A estimativa intermediária para o dólar no fim de 2027 permaneceu em R$ 5,80, após três semanas de queda. Um mês antes, era de R$ 5,89. A projeção para o fim de 2028 subiu de R$ 5,82 para R$ 5,85, o mesmo nível de quatro semanas antes. A projeção anual de câmbio publicada no Focus é calculada com base na média para a taxa no mês de dezembro, e não mais no valor projetado para o último dia útil de cada ano, como era até 2020.

PIB 

A mediana do relatório Focus para o crescimento do Produto Interno Bruto (PIB) brasileiro em 2025 aumentou de 2,0% para 2,02%, após três semanas de estabilidade. Considerando apenas as 36 projeções atualizadas nos últimos cinco dias úteis, mais sensíveis a novidades, passou de 2,01% para 2,0%.

Na ata da sua última reunião, de maio, o Comitê de Política Monetária (Copom) afirmou que a taxa de juros “significativamente contracionista” tem contribuído para moderar o crescimento da atividade. Segundo o colegiado, a tendência é que esse processo ganhe força nos próximos trimestres. O BC espera alta de 1,9% para o PIB em 2025.

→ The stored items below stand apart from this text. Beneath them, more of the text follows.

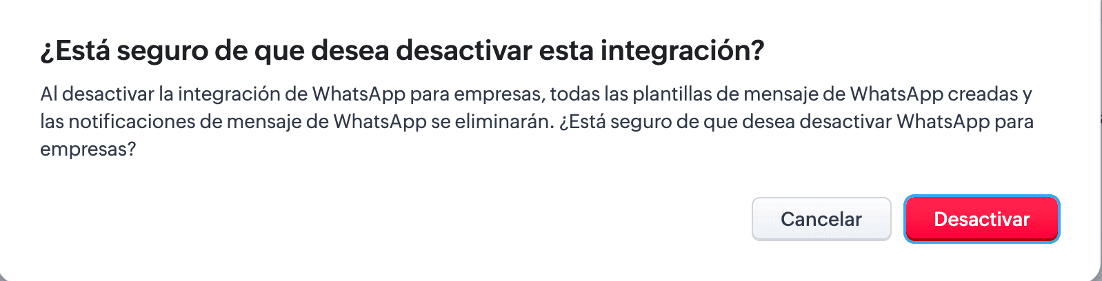 De clic en el botón Desactivar de la sección Integración de WhatsApp Business.
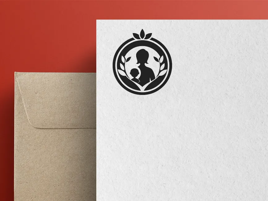 This is a figurative emblem, not based on any letterform. It is a clean and professional vector logo ideal for identity use where family, parenting, or maternal themes are central. The smooth curves and layered symmetry make the logo memorable and adaptable across various media.
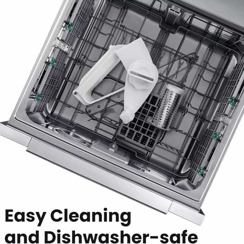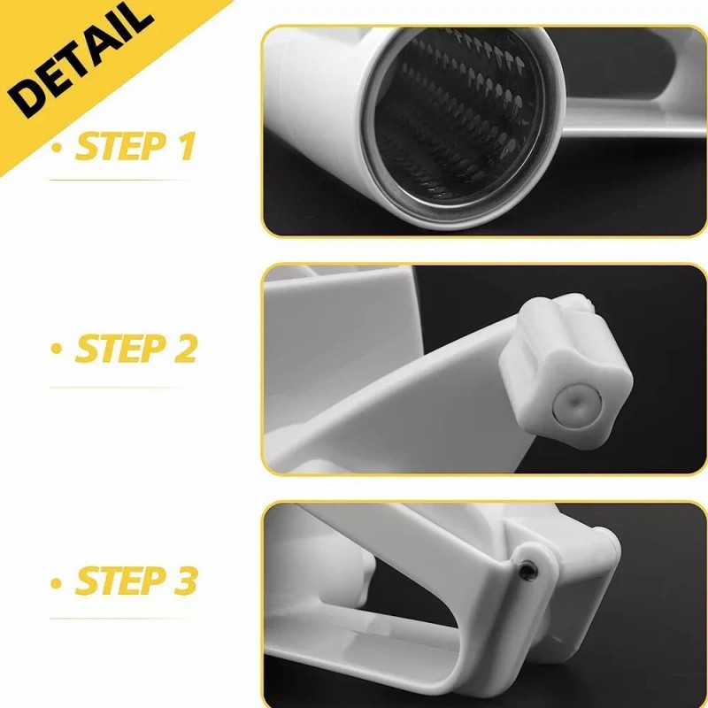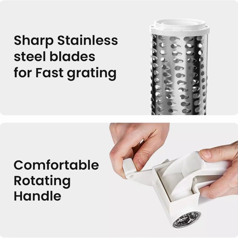 The cheese grinder consists of three detachable components,so you can remove and clean the handle and hob when you're done using them without getting cheese or other food stuck to the cheese grater.
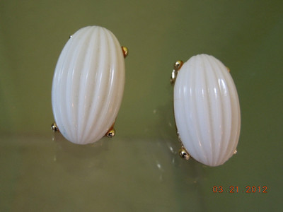 Title (ebay affiliate link): BOGOFF White milkglass earrings carved fluted Designs goldtone clip-ons wow .99
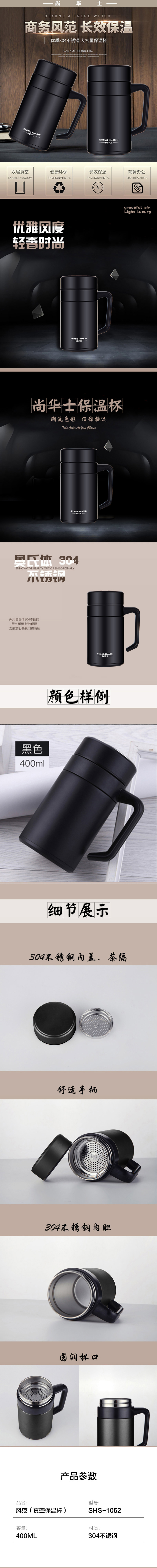 尚华士(SHANG HUASHI) 风范真空保温杯 SHS-1052 400ML 黑色(单位:个)

A estimativa intermediária do Focus para o crescimento da economia brasileira em 2026 se manteve em 1,70% pela quarta semana seguida. Considerando só as 35 projeções atualizadas nos últimos cinco dias úteis, passou de 1,81% para 1,70%. A mediana para o crescimento do PIB de 2027 permaneceu em 2,0% pela sétima semana seguida. A estimativa intermediária para 2028 ficou estável, em 2,0%, pela 62ª semana seguida.